First off, I don’t think your blog has turned to shit. Secondly there is NEVER a need to apologize for writing what you feel like writing or participating in the blogosphere as much as you willing and able.
I’m beyond sorry someone got to you like that. I’m beyond happy you’d didn’t hit delete.
I’m a longtime reader. I found you through Jessica back when she was VeryMom. I was very troubled after you posted pictures of you kissing another woman*, but I can’t quit you! I don’t think your blog has gone downhill. Your posting frequency is less, but I think your blog is still great. I love your honesty.
(*I only had a problem with it because you’re married and not in an open marriage, not because it was a woman.)
@Katie
Have I ever said I wasn’t in an open marriage??? (I kid)
I don’t mind that other people take exception to things I do. They have that right. A lot of people took issues with those photos for various reasons. Over 40 people quit reading me after that. I’m glad that you didn’t. I didn’t mean to piss people off.

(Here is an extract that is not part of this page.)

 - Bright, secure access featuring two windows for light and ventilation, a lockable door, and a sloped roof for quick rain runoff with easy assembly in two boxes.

At the end of the day, though, they were taken in a fun lighthearted moment, the people in the pictures were fine with them, the spouses of the people in the pictures were totally fine with them and it wasn’t at all a sexual thing. It did not bother Jonathan even a tiny, teeny bit. And if my husband is fine with it, that is the opinion that counts with me.

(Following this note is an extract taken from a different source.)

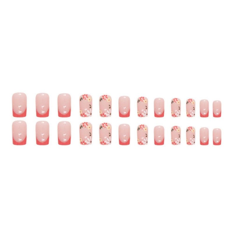 Flower Press on Nails Square Maigitur Orange Design Short Fake Nails Press ons, Artificial French tip Full Cover Fall Glue on Nails Glossy Flower Stick on Acrylic Nails for Women Manicure 24Pcs…

However, I also realize that my boundaries and what I consider playful fun will not always mesh with other people’s definitions of it.
Ok…So this is the VERY FIRST TIME I have EVER read your blog. And now I will be reading it faithfully. I love that you are honest and true. And don’t take crap from anyone. Much the same as me. I’m glad that you thought things through and didn’t delete your blog, or I wouldn’t be able to read your rant which made me feel human and realistic towards this whole “blogging” thing. I am new at this, but have poured my heart into my words. I hate that people are so opinionated. Keep it to yourself and do us all a freaking favor, jackass!
@Katie…
I was that other woman. *Ducks* It was innocent, and totally in the interest of hilarity. I see why some people took exception to it, but really, it was an “i love you like my sister” kiss, that’s it. :)
I read you blog, then don’t read it, then come back and read it again.
It’s nothing personal.
I read so many different blogs, some get lost in the shuffle – or some I just take a break and come back.. stuff like that.
People who waste time writing such hateful emails are shit! And I’m sorry that happened to you.
Happy Birthday by the way.
And Happy Blogiversary.
I think the internet would implode if you shut down your blog. You are one of those people who leaves a pretty big void in your absence. Just from what I’ve read here on your blog recently (I haven’t been reading you very long) you have some pretty loyal readers that could maybe make up for the horrible, small, ugly people that say hurtful things to you. Keep blogging. Don’t let them win.
Hi, first time here! I was directed here via Google Reader Shared and just had to comment. First of all, Happy 3rd Blogiversary!
Secondly, I have wanted to shut down my blog about 10 times because of stupid things that were said to me and/or hurt my feelings on a completely fucked up level. (Oooh I hope I can cuss here cause I do it a ton!). It really makes me happy, even though I don’t know you, that you were able to remember all of the good and keep from deleting!
Also, I really know what it’s like to want to post something with names, dates, IPs and most of all, the true facts of a situation. I have several drafts calling people out and even though I will never publish them, because I hate blog drama, it felt good to write them!
Damn. This post makes me really glad I’m a shitty writer with three people who read my blog. That’s my round-about, shitty-writer way of saying I dig your blog and I’ll never hold you to an update schedule ’cause you’re, like, a human and stuff.
Good lord, you’re supposed to act like you “care about the internet”? I think that’s the most bizarre string of words I’ve ever read online. You’re a good person, Loralee, and I’m sorry the assholes have been coming out of the woodwork. I think you made the right choice in saying something. Good for you! Hugs.